1992’de 25 Şubat’ı 26’ya bağlayan gece bütün dünyanın gözü önünde Hocalı da büyük bir kıyım, katliam ve soykırım gerçekleştirildi. İnsan Hakları İzleme Örgütü’nün Yukarı Karabağ’ın işgalinden sonra gerçekleştirilen en büyük sivil katliamı olarak adlandırdığı bu kıyımda ki vahşet ile ilgili hatıralar ve görüntüler insanın kanını donduran cinsten. İnsanların gözlerini oyup, etlerini parçalayarak vahşeti gerçekleştiren Ermeniler, hamile kadınların karnında ki çocuklara saldırıp cenazelerin kimi organlarını kesecek kadar insanlık dışı bir katliamı gerçekleştirmekten geri durmamışlardır.  

     Yukarı Karabağ’ın bölgede çok uzun yıllardır bir sorun olarak kaldığını söyleyebiliriz. Yukarı Karabağ’da Azerilerin ve Ermenilerin hak iddiaları kapsamında dönem dönem gerginlikler çıktığını görmekteyiz.
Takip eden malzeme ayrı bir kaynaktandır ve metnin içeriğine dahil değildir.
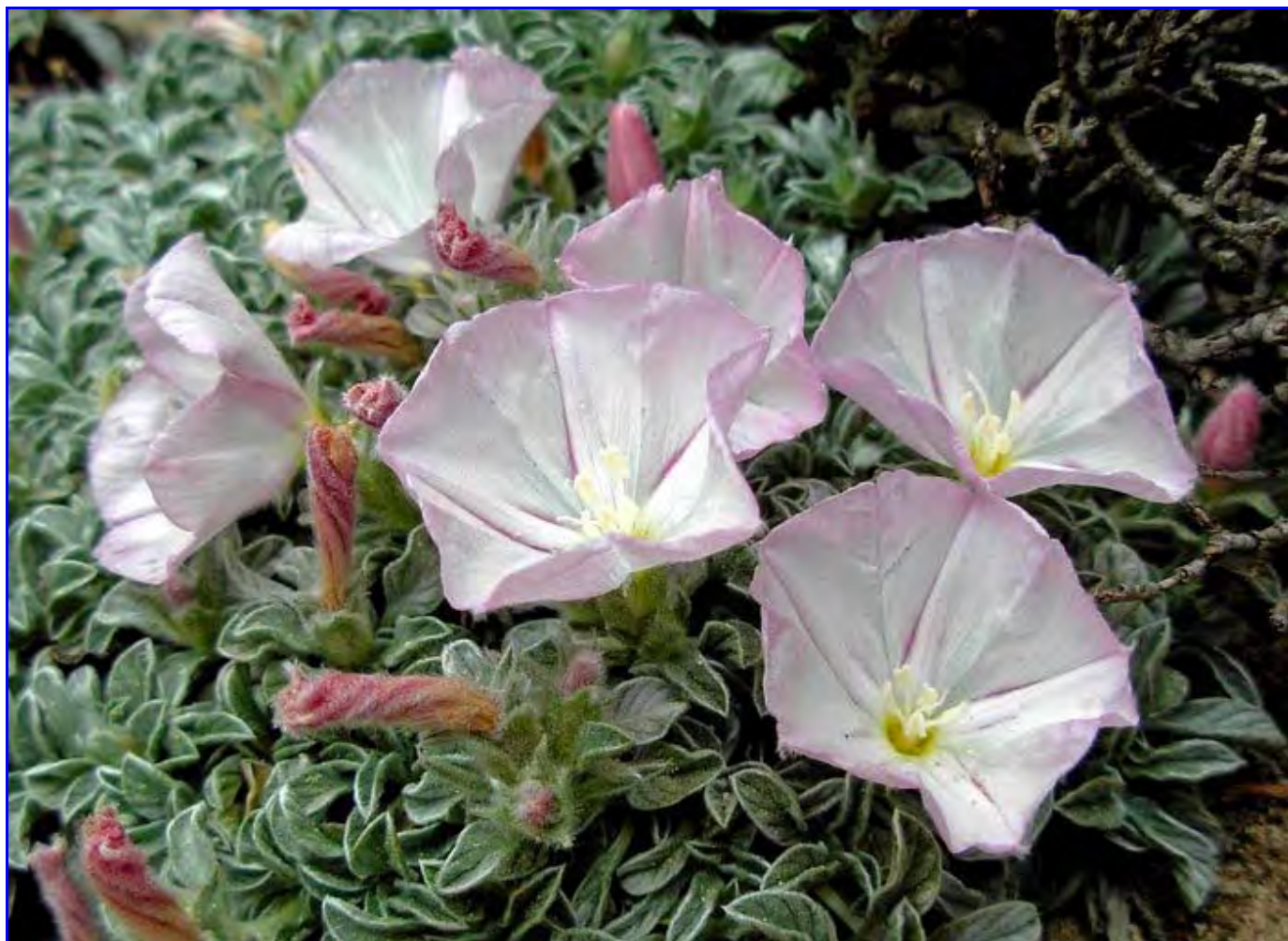
Convolvulus boissieri ssp. boissieri , Sierra Cazorla,

experience not possible in Central Europe, it is a plant especially for the alpine- house. Propagation by cuttings, taken in late summer to early winter, is difficult.

Yukarı Karabağ sorunu tarihi Karabağ toprakları içinde yer alan bölgede ortaya çıkmıştır. Kaynağı itibariyle oldukça geriye giden bu sorun, on dokuzuncu yüzyılda belirginleşmiştir. 1905 yılında taraflar arasında başlayan çatışmalar önce Çarlık Rusya’sı, ardından da Ermenilerin Nisan 1920’de başlattığı isyan üzerine Kızıl Ordu tarafından bastırılmıştır.  Bölgenin stratejik öneminden dolayı bölgeyi doğrudan kendine bağlamayı düşünen Sovyet yönetimi, daha sonra bu kararından vazgeçmiş ve 5 Temmuz 1921’de Yukarı Karabağ’ın Azerbaycan Sovyet Sosyalist Cumhuriyeti sınırları içinde özerk bir bölge haline getirilmesi kararını almıştır. Bu karardan memnun olmayan Ermeniler, itiraz edip kararın değiştirilmesi yönünde taleplerde bulunmuş olsalar da Yukarı Karabağ’ın statüsü aynı kalmıştır. 1980’li yıllara kadar bu konu halının altına süpürülen konular arasında bulunmuş ve o yıllarda tekrar alevlenene kadar sön(dürül)müştür.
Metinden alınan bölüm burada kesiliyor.